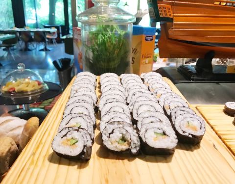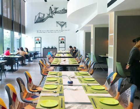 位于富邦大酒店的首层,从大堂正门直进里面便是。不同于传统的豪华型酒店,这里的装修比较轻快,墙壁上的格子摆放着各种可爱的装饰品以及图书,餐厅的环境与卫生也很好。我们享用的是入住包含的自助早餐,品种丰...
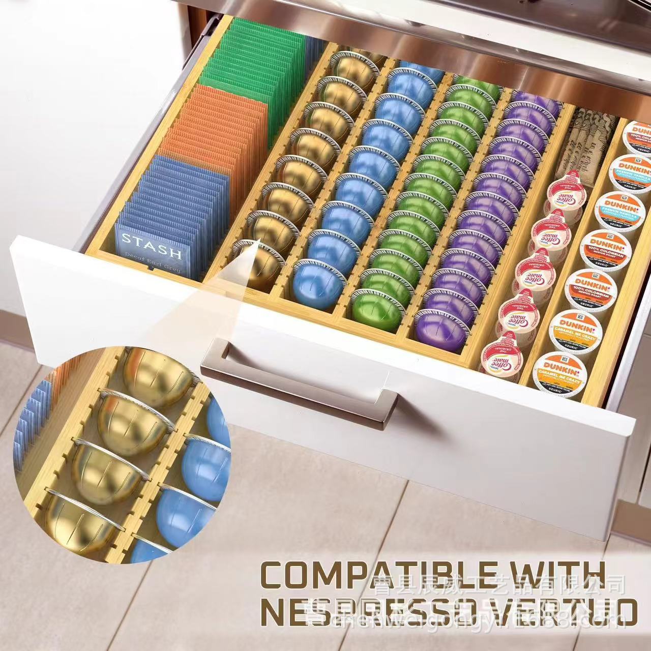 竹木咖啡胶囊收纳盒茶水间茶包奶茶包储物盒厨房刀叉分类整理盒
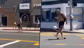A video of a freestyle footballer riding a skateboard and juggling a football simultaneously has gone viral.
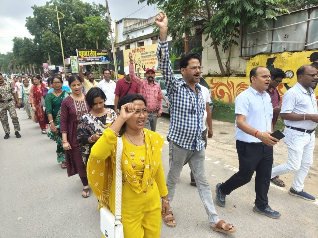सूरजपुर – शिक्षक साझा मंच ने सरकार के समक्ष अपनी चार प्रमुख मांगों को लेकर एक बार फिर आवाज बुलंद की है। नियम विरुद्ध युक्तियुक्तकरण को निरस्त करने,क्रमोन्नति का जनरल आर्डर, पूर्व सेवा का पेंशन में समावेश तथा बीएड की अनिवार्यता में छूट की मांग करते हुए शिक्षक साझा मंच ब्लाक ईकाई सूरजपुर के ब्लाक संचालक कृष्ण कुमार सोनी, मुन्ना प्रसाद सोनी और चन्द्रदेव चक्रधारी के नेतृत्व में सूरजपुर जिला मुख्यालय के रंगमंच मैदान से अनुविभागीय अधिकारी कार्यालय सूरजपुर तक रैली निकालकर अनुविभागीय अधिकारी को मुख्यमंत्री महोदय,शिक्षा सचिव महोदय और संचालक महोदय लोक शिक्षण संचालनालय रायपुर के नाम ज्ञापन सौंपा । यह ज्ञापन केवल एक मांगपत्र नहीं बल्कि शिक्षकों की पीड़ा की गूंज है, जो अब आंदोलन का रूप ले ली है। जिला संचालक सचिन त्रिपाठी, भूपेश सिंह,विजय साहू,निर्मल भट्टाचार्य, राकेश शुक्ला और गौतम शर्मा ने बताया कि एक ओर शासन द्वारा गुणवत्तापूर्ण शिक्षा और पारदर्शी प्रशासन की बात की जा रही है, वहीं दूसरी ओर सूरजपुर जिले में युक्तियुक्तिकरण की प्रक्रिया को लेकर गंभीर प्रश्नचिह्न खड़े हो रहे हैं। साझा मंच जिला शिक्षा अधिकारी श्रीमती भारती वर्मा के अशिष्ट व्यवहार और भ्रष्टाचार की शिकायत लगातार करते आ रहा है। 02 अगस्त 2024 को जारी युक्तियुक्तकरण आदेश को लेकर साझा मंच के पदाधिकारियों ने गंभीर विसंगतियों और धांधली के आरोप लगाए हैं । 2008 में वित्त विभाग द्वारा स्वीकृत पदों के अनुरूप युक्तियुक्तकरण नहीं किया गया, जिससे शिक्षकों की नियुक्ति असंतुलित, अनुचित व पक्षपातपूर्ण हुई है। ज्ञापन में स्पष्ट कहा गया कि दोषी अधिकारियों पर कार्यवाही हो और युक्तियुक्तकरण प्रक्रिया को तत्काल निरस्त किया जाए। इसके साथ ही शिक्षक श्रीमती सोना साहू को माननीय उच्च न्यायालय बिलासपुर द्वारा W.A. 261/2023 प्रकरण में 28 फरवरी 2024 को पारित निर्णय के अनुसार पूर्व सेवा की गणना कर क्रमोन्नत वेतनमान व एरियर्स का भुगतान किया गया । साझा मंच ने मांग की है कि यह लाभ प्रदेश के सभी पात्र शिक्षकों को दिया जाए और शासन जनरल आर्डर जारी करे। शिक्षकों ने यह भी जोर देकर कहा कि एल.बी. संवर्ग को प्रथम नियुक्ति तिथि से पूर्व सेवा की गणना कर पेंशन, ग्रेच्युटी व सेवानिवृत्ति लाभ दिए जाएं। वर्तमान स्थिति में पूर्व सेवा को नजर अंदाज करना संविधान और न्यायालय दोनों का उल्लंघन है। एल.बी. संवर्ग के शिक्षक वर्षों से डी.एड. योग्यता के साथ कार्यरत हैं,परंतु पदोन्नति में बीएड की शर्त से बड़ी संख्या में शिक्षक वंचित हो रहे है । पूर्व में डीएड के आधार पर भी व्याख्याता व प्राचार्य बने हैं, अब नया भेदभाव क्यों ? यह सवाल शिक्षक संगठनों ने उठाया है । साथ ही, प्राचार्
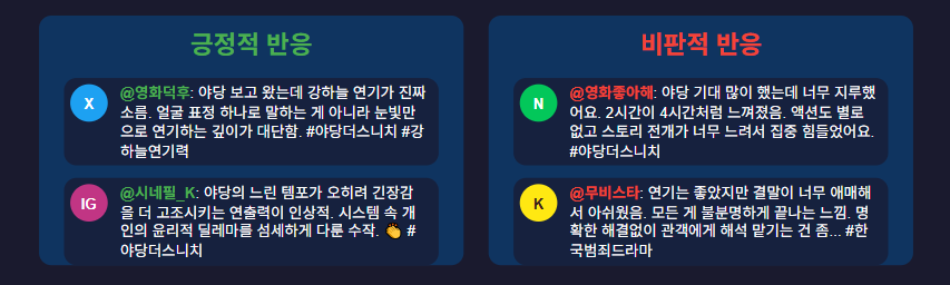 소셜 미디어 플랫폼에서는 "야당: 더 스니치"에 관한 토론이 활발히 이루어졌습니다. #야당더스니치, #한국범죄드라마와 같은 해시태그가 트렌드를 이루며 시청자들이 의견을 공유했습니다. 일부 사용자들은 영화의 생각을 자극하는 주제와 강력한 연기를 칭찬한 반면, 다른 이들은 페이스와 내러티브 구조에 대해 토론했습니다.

┄┄┄┄┄┄┄┄┄┄┄┄┄┄┄┄┄┄┄┄

## What you have to do
Word for word, repeat the material above and drop the pictures.

## Answer to this task
 位于富邦大酒店的首层,从大堂正门直进里面便是。不同于传统的豪华型酒店,这里的装修比较轻快,墙壁上的格子摆放着各种可爱的装饰品以及图书,餐厅的环境与卫生也很好。我们享用的是入住包含的自助早餐,品种丰...
 竹木咖啡胶囊收纳盒茶水间茶包奶茶包储物盒厨房刀叉分类整理盒
A video of a freestyle footballer riding a skateboard and juggling a football simultaneously has gone viral.
सूरजपुर – शिक्षक साझा मंच ने सरकार के समक्ष अपनी चार प्रमुख मांगों को लेकर एक बार फिर आवाज बुलंद की है। नियम विरुद्ध युक्तियुक्तकरण को निरस्त करने,क्रमोन्नति का जनरल आर्डर, पूर्व सेवा का पेंशन में समावेश तथा बीएड की अनिवार्यता में छूट की मांग करते हुए शिक्षक साझा मंच ब्लाक ईकाई सूरजपुर के ब्लाक संचालक कृष्ण कुमार सोनी, मुन्ना प्रसाद सोनी और चन्द्रदेव चक्रधारी के नेतृत्व में सूरजपुर जिला मुख्यालय के रंगमंच मैदान से अनुविभागीय अधिकारी कार्यालय सूरजपुर तक रैली निकालकर अनुविभागीय अधिकारी को मुख्यमंत्री महोदय,शिक्षा सचिव महोदय और संचालक महोदय लोक शिक्षण संचालनालय रायपुर के नाम ज्ञापन सौंपा । यह ज्ञापन केवल एक मांगपत्र नहीं बल्कि शिक्षकों की पीड़ा की गूंज है, जो अब आंदोलन का रूप ले ली है। जिला संचालक सचिन त्रिपाठी, भूपेश सिंह,विजय साहू,निर्मल भट्टाचार्य, राकेश शुक्ला और गौतम शर्मा ने बताया कि एक ओर शासन द्वारा गुणवत्तापूर्ण शिक्षा और पारदर्शी प्रशासन की बात की जा रही है, वहीं दूसरी ओर सूरजपुर जिले में युक्तियुक्तिकरण की प्रक्रिया को लेकर गंभीर प्रश्नचिह्न खड़े हो रहे हैं। साझा मंच जिला शिक्षा अधिकारी श्रीमती भारती वर्मा के अशिष्ट व्यवहार और भ्रष्टाचार की शिकायत लगातार करते आ रहा है। 02 अगस्त 2024 को जारी युक्तियुक्तकरण आदेश को लेकर साझा मंच के पदाधिकारियों ने गंभीर विसंगतियों और धांधली के आरोप लगाए हैं । 2008 में वित्त विभाग द्वारा स्वीकृत पदों के अनुरूप युक्तियुक्तकरण नहीं किया गया, जिससे शिक्षकों की नियुक्ति असंतुलित, अनुचित व पक्षपातपूर्ण हुई है। ज्ञापन में स्पष्ट कहा गया कि दोषी अधिकारियों पर कार्यवाही हो और युक्तियुक्तकरण प्रक्रिया को तत्काल निरस्त किया जाए। इसके साथ ही शिक्षक श्रीमती सोना साहू को माननीय उच्च न्यायालय बिलासपुर द्वारा W.A. 261/2023 प्रकरण में 28 फरवरी 2024 को पारित निर्णय के अनुसार पूर्व सेवा की गणना कर क्रमोन्नत वेतनमान व एरियर्स का भुगतान किया गया । साझा मंच ने मांग की है कि यह लाभ प्रदेश के सभी पात्र शिक्षकों को दिया जाए और शासन जनरल आर्डर जारी करे। शिक्षकों ने यह भी जोर देकर कहा कि एल.बी. संवर्ग को प्रथम नियुक्ति तिथि से पूर्व सेवा की गणना कर पेंशन, ग्रेच्युटी व सेवानिवृत्ति लाभ दिए जाएं। वर्तमान स्थिति में पूर्व सेवा को नजर अंदाज करना संविधान और न्यायालय दोनों का उल्लंघन है। एल.बी. संवर्ग के शिक्षक वर्षों से डी.एड. योग्यता के साथ कार्यरत हैं,परंतु पदोन्नति में बीएड की शर्त से बड़ी संख्या में शिक्षक वंचित हो रहे है । पूर्व में डीएड के आधार पर भी व्याख्याता व प्राचार्य बने हैं, अब नया भेदभाव क्यों ? यह सवाल शिक्षक संगठनों ने उठाया है । साथ ही, प्राचार्
 소셜 미디어 플랫폼에서는 "야당: 더 스니치"에 관한 토론이 활발히 이루어졌습니다. #야당더스니치, #한국범죄드라마와 같은 해시태그가 트렌드를 이루며 시청자들이 의견을 공유했습니다. 일부 사용자들은 영화의 생각을 자극하는 주제와 강력한 연기를 칭찬한 반면, 다른 이들은 페이스와 내러티브 구조에 대해 토론했습니다.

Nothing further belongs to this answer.